The Investment Itself

In addition to asking plenty of questions about yourself and your circumstances, your adviser should also be prepared to tell you all the important details about the investment product itself. Here’s a list of the topics they should cover.

  • Terms and conditions – What terms and conditions apply to this product? For example, can you change your mind within a certain period if you decide it’s not the product for you?
  • How long? – You’ll need to know how long your money will be tied up in the investment. Generally speaking, longer-term investments yield better returns, but it’s important to consider your own personal circumstances when choosing.
  • The risks – What are the risks associated with this specific product? Ask about the inherent risks, such as counter-party risk and asset allocation.
  • Best-case / worst-case scenarios – What is the worst that could happen to your money? Likewise, what’s the best outcome you could hope for? And, what can you realistically expect to get back from this investment product?
  • Extra charges – Are there any extra charges involved in investing in this product? Who benefits from these charges? Is there any reason why you’ve been charged additional fees?
  • Flexibility – Does this investment product offer any flexibility if, for example, you needed to access your money earlier than anticipated? Can you put more money into it at a later date?

Alternative Products

You should also be offered a range of alternative products to provide you with a clear comparison. If you feel that your adviser is pushing you towards one particular product, approach with caution. Some financial institutions still incentivise their staff to sell certain products, and making the investment may benefit them more than you.

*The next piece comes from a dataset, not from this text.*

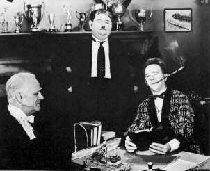 At Oxford University they suffer the customary hazing, including being given the quarters of the Dean (Wilfred Lucas) as their own, and get lost in the maze where they are chased by a ghost (another student in disguise). Among the students is a young Peter Cushing who later became a popular English movie star. Laurel is accidentally hit on the head, and a freak mental condition changes him into the reincarnation of a long-lost Oxford "great" -- Lord Paddington, a thoroughly British mental wizard and sports champion. In this state he puts the other students to shame and makes Hardy his personal lackey. Hardy finally rebels, and a falling window sash hits Stan on the head again, restoring him to his formal self. The humor of Laurel and Hardy during the 1920's and 30's was very much the humor of vaudeville and the music hall. Much of it was visual, physical humor. By the 1940's the trend was toward more verbal humor. The invention of sound movies was part of the cause. Compare the humor of Chaplain or W.C. Fields or Buster Keaton or Laurel & Hardy with that of Cary Grant or Robert Benchley. At least in the early L&H; films sound was not essential to understanding the humor. Not so with the later comics of the 1940's. Although A Chump At Oxford has many good scenes, the film as a whole is loosely organized, not up to the standards of their earlier features. Comedy in the 1940's was leaning away from sight comedy and physical comedy. >>Top of Page | Return to Films Index

Mis-Sold Investment Products – Your Rights

Remember, if you believe that you have been mis-sold an investment product, the law is firmly on your side. In recent years, thousands of people across the country have lodged complaints with the FOS, and many have been awarded compensation for their mis-sold product.

However, if possible, it’s worthwhile trying to avoid getting into this situation in the first instance. Make sure you know what questions your adviser should be asking you, and also, what specific details you need to know about the investment product, in order to make an informed decision.

If you feel confused by the information that your adviser is providing you, this is their problem, not yours. Ask them to explain with more clarity, and if they’re unable to do so, seek the help of another financial adviser.